◆ **PROBLEM TO WORK ON**
In the material below, the lines between the one holding "Купить Упаковочные бопп" and the one holding "В просторной кухне-гостиной", inclusive, are to be set down word for word. Pictures stay out.

◆ **RECORDS PROVIDED**
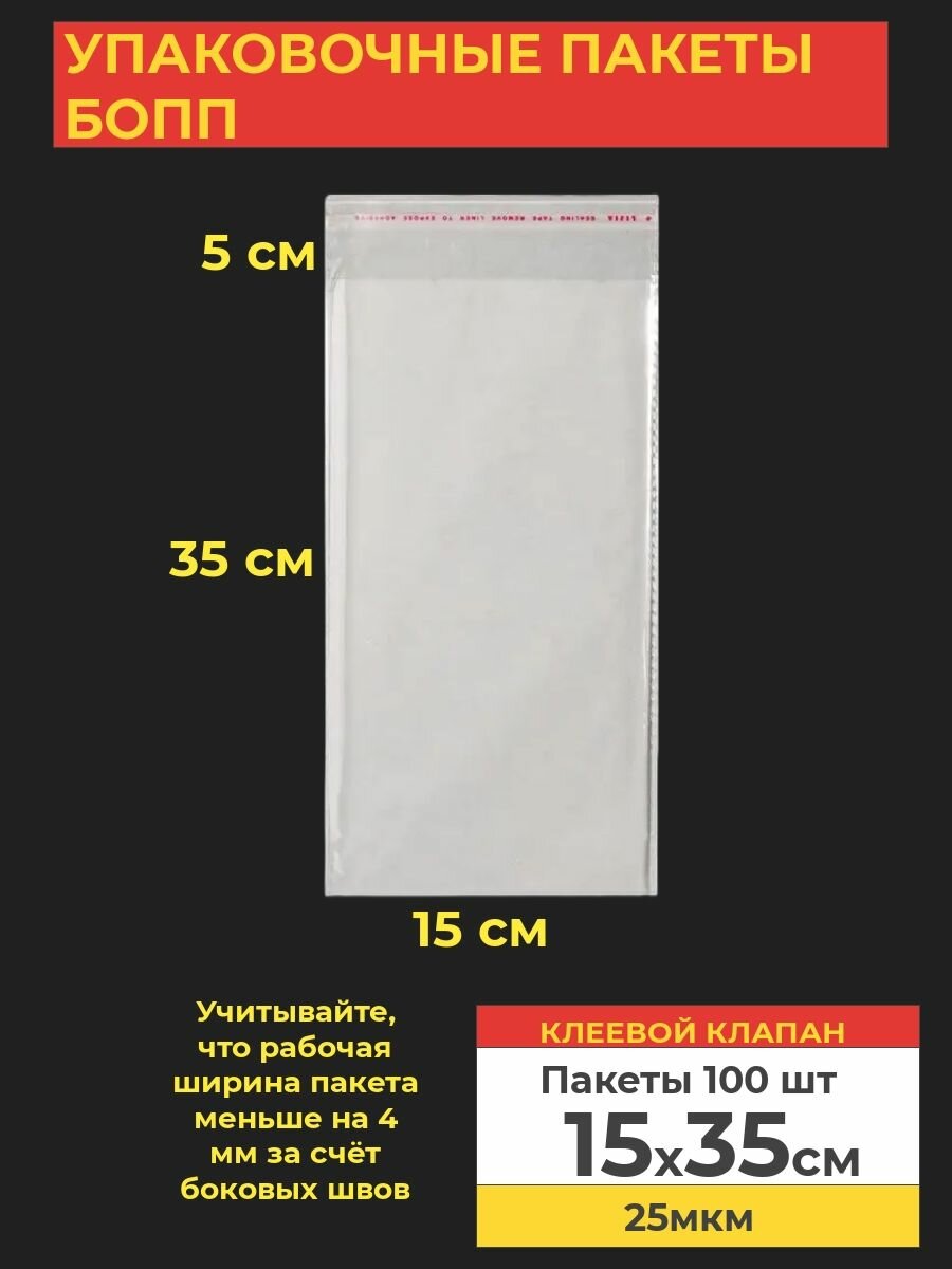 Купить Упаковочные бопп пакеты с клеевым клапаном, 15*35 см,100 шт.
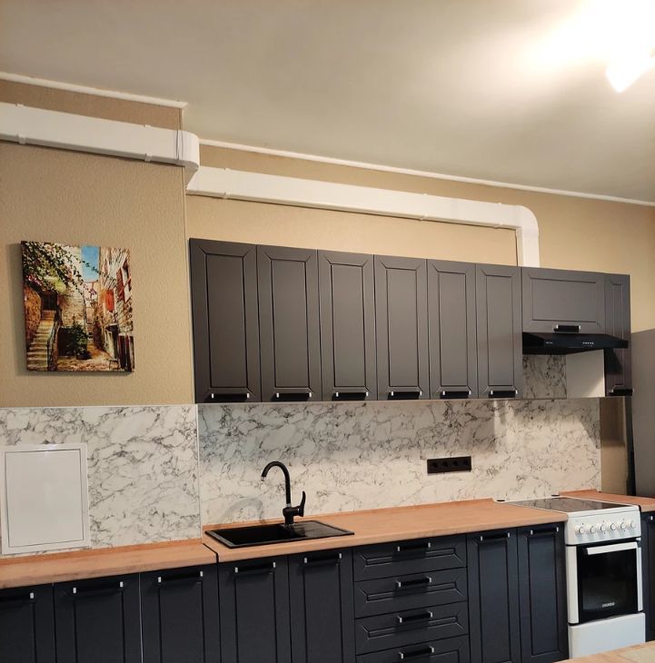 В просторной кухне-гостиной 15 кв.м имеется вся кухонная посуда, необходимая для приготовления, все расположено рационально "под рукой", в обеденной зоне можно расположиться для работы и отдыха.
==
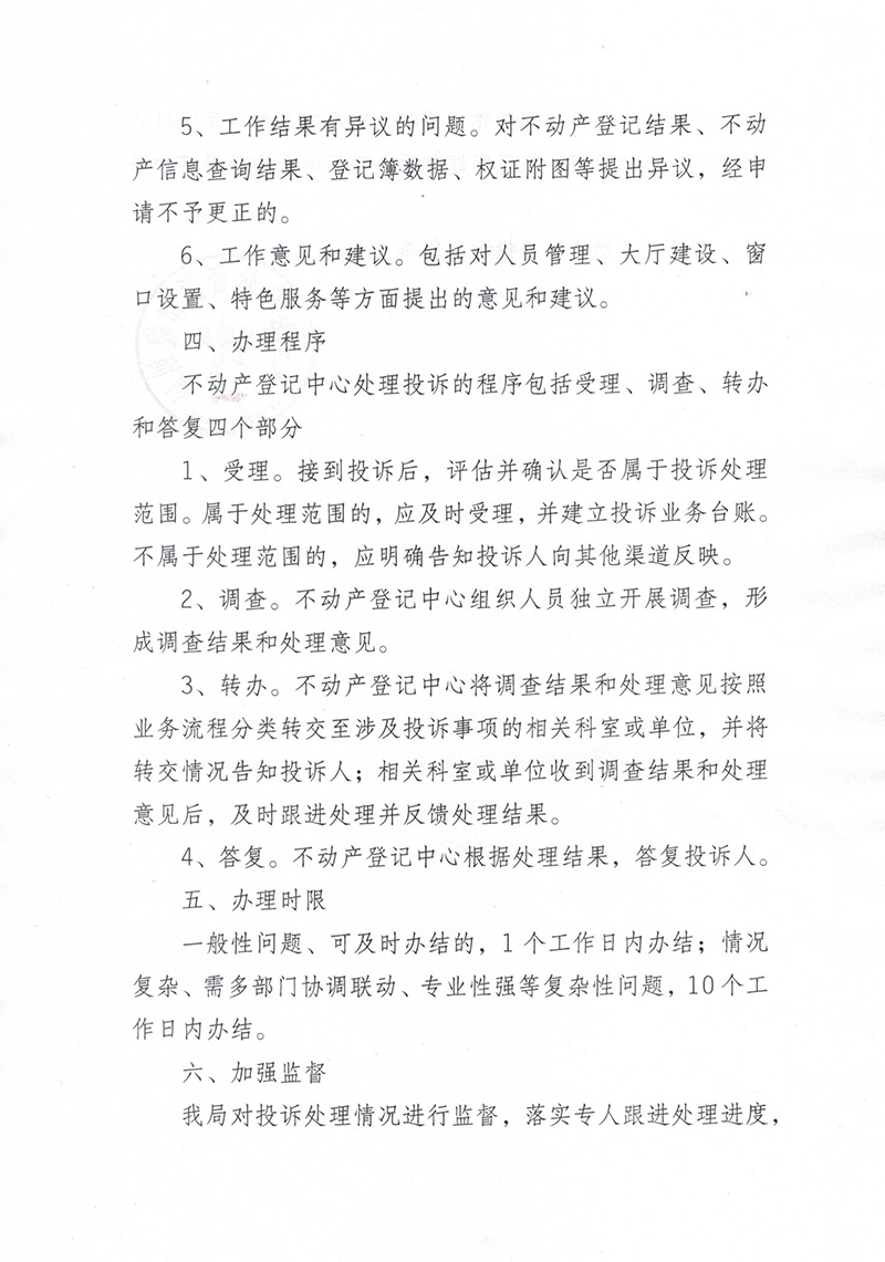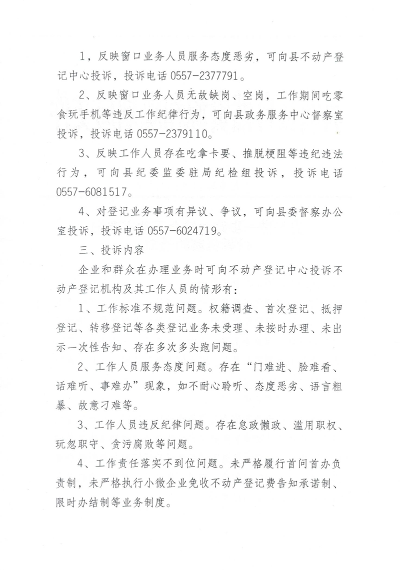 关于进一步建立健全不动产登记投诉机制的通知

◆ **EXERCISE ANSWER**
 Купить Упаковочные бопп пакеты с клеевым клапаном, 15*35 см,100 шт.
 В просторной кухне-гостиной 15 кв.м имеется вся кухонная посуда, необходимая для приготовления, все расположено рационально "под рукой", в обеденной зоне можно расположиться для работы и отдыха.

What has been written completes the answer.